Raiganj University
- Former name: Raiganj College (University College)
- Motto: tamaso mā jyotirgamaya
- Motto in English: Lead me from darkness to light
- Type: Public State University
- Established: 3 February 2015 (11 years ago)
- Academic affiliations: UGC; AIU;
- Budget: ₹35.24 crore (US$3.7 million) (FY2024–25 est.)
- Chancellor: Governor of West Bengal
- Vice-Chancellor: Arnab Sen
- Academic staff: 113 (2025)
- Students: 6,706 (2025)
- Undergraduates: 4,514 (2025)
- Postgraduates: 1,007 (2025)
- Doctoral students: 1,185 (2025)
- Location: Raiganj, West Bengal, India 25°36′18.31″N 88°7′42.92″E﻿ / ﻿25.6050861°N 88.1285889°E
- Campus: Urban 12.36 acres (5.00 ha);
- Website: raiganjuniversity.ac.in

= Raiganj University =

Public university in Raiganj, West Bengal, India

Raiganj University is a public state university in Raiganj, Uttar Dinajpur district, West Bengal, India. It is the oldest higher educational institution in the North Dinajpur district. This institution was elevated to the status of a public state university on 3 February 2015 by an Act of the West Bengal legislature after functioning as a constituent college of the University of North Bengal for a long time. This university offers undergraduate, postgraduate, and doctoral level courses.

==History==
As a result of the partition of India, many people came over to the border districts of West Dinajpur and Raiganj, which provided many of them with food and shelter.

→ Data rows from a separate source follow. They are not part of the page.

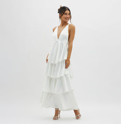 Elegant Strap Ivory Satin Deep V-Neck Layered Ruffle Open Back Maxi Dress
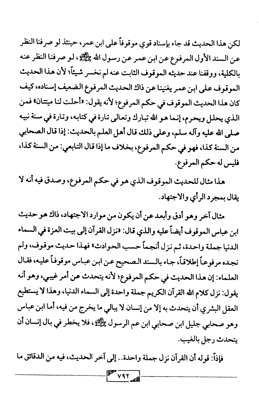مثال آخر وهو أدق وأبعد عن أن يكون من موارد الاجتهاد، ذاك هو حديث ابن عباس الموقوف أيضاً عليه والذي قال: «نزل القرآن إلى بيت العزة في السماء الدنيا جملة واحدة، ثم نزل أنجماً حسب الحوادث» فهذا حديث موقوف، ولم نجده مرفوعاً إطلاقاً، جاء بالسند الصحيح عن ابن عباس موقوفاً عليه، فقال العلماء: إن هذا الحديث في حكم المرفوع؛ لأنه يتحدث عن أمر غيبي، وهو أنه يقول: نزل كلام الله القرآن الكريم جملة واحدة إلى السماء الدنيا، وهذا لا يستطيع العقل البشري أن يتحدث به إلا من إنسان لا يبالي ما يخرج من فيه، أما ابن عباس وهو صحابي جليل ابن صحابي ابن عم الرسول - صلى الله عليه وآله وسلم -، فلا يخطر في بال إنسان أن يتحدث رجل بالغيب.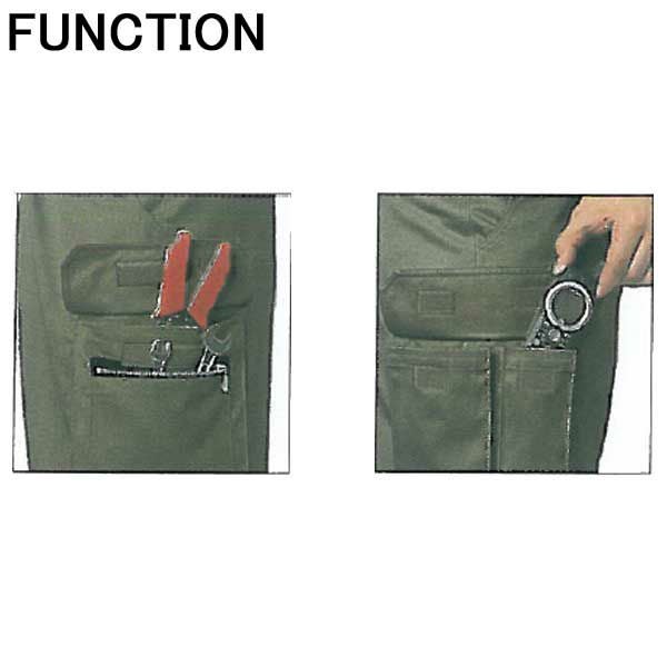 | 特徴 | 1、帯電防止 2、ソフト起毛 3、年間対応 4、膝のアクションダーツで動きスムーズ。 5、左脇ポケットは小物入れになる二重構造。 6、右脇に携帯電話収納ポケット付。 7、ラットポケットは左右でデザインが異なります。 |

The education of their children was a necessity for these uprooted people to change their fortune. At this point in time, few educationalists and social thinkers in this small town felt the necessity of building a college for higher education in this backward region. Because of the efforts of Late Sukumar Guha and Late Nirmal Chandra Ghosh, a meeting was organized among local eminent citizens and interested persons, which unanimously decided to establish a college for higher education and appealed to the people to donate land and money for this purpose. The college was then formally opened in 1948 as an affiliated college of the University of Calcutta.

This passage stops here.